Durante a apuração, houve informações de que a produtora de pigmento de titânio verticalmente integrado Tronox poderia ser a responsável pelo resíduo. Procurada pela reportagem, respondeu por nota que: "Não houve ou há qualquer alteração no processo da fábrica e todos os nossos sistemas de proteção ambiental funcionam normalmente. Acreditamos que a melhor fonte para explicar o fenômeno são os órgãos oficiais, como o Inema".

Alerta


Diante da ocorrência, a Defesa Civil do município passou a alertar os moradores, visitantes e turistas para que redobrem a atenção ao ver as manchas e não se aproximem, evitando entrar na água e, consequentemente, ter contato com o resíduo. A medida é indicada até que seja verificada sua procedência. “Se for algo que seja um produto químico, vamos tentar descobrir de onde está vindo. E se tiver que partir para uma interdição, nós vamos fazê-la”, assegura Soares.

Informado do ocorrido pela Compdec, o Instituto do Meio Ambiente e Recursos Hídricos (Inema) não atendeu à solicitação da reportagem. Conforme a Defesa Civil, todos os colaboradores em plantão monitoram a situação. Caso as pessoas percebam "algo diferente do convencional", devem entrar em contato com o órgão, por meio do telefone gratuito 199. Também estão à disposição durante 24 horas os telefones (71) 99981 3641 e 99922-3433.
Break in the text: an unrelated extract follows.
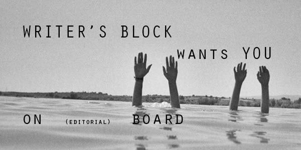 Does this sound wildly interesting to you? Then apply as soon as possible by sending a short motivation and your CV to info@writersblockmagazine.com (subject: Application), and maybe you’ll be the one to join our editorial board real soon. We’d love to hear from you!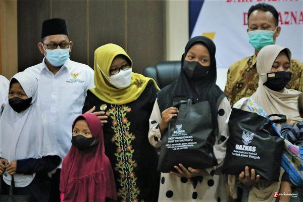 TEGAL – Selama hampir 20 bulan musibah pandemi Covid-19, sebanyak 427 anak di Kabupaten Tegal kehilangan orang tua, baik ayah, ibu ataupun keduanya. Untuk membantu meringankan beban anak, Badan Amil Zakat Nasional (Baznas) Kabupaten Tegal dan Provinsi Jawa Tengah salurkan 206 paket berisi peralatan tulis, suplemen makanan, jajanan anak hingga perlengkapan mandi kepada perwakilan anak yatim di ruang rapat Bupati Tegal, Senin (18/10/2021) pagi.

Ao Correio a professora do Instituto de Geociências da Universidade Federal da Bahia (Igeo/Ufba) Olívia Oliveira, uma das coordenadoras do projeto Rebicop — voltado, desde 2019, à pesquisa sobre as manchas de óleo no litoral brasileiro —, afirmou que, em conversa com colegas, todos consentiram que, para dar um diagnóstico, é necessário visitar os locais atingidos pela substância esverdeada. Olívia sugeriu que a reportagem procurasse o Instituto Brasileiro do Meio Ambiente e dos Recursos Naturais Renováveis (Ibama), que não nos respondeu até o fechamento da matéria.
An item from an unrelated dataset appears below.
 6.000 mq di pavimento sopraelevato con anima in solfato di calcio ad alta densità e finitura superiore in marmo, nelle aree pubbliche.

Trabalhadores já vinham sofrendo com a poluição do rio


Kél Pescadora relata que já tinha contraído outros problemas de saúde por causa das condições em que se encontra a água do Rio Jacuípe. “Com esse produto, ela só piorou mais. Mas a gente já pegou fungos, bicho geográfico, verme...”, lista os casos. Mãe solo de uma criança de 7 anos com esquizofrenia, Kél tem a pesca como sua única fonte de renda. “O único vínculo que eu tenho é o rio, e agora estou desabrigada. Não sei nem como, a partir de hoje, eu vou me alimentar”, protesta a pescadora e marisqueira.

Embora crie seus dois filhos, de 6 e 14 anos, com seu esposo, Adriana Freitas também tem lutado para sobreviver. Segundo a marisqueira, eles não vão ao mar em busca de sustento há mais de seis meses. “A gente tá mesmo sob a graça de Jesus”, confessa Adriana, que salienta que o rio não apresenta o mesmo aspecto de outrora. “Os bichos, também, infelizmente, tudo magro. [...] A gente não ia pescar os animais assim. Não vai servir de nada. Aí, a gente acaba devolvendo [para o mar]”, desabafa a marisqueira.

De acordo com o que o esposo de Adriana contou a ela, a coloração da água em Barra do Jacuípe, assim como o relatado por salva-vidas em Jauá, começou a mudar há, aproximadamente, 15 dias. Eles chegaram a desconfiar de que os frequentadores do local fossem os culpados pelo aparecimento da substância esverdeada.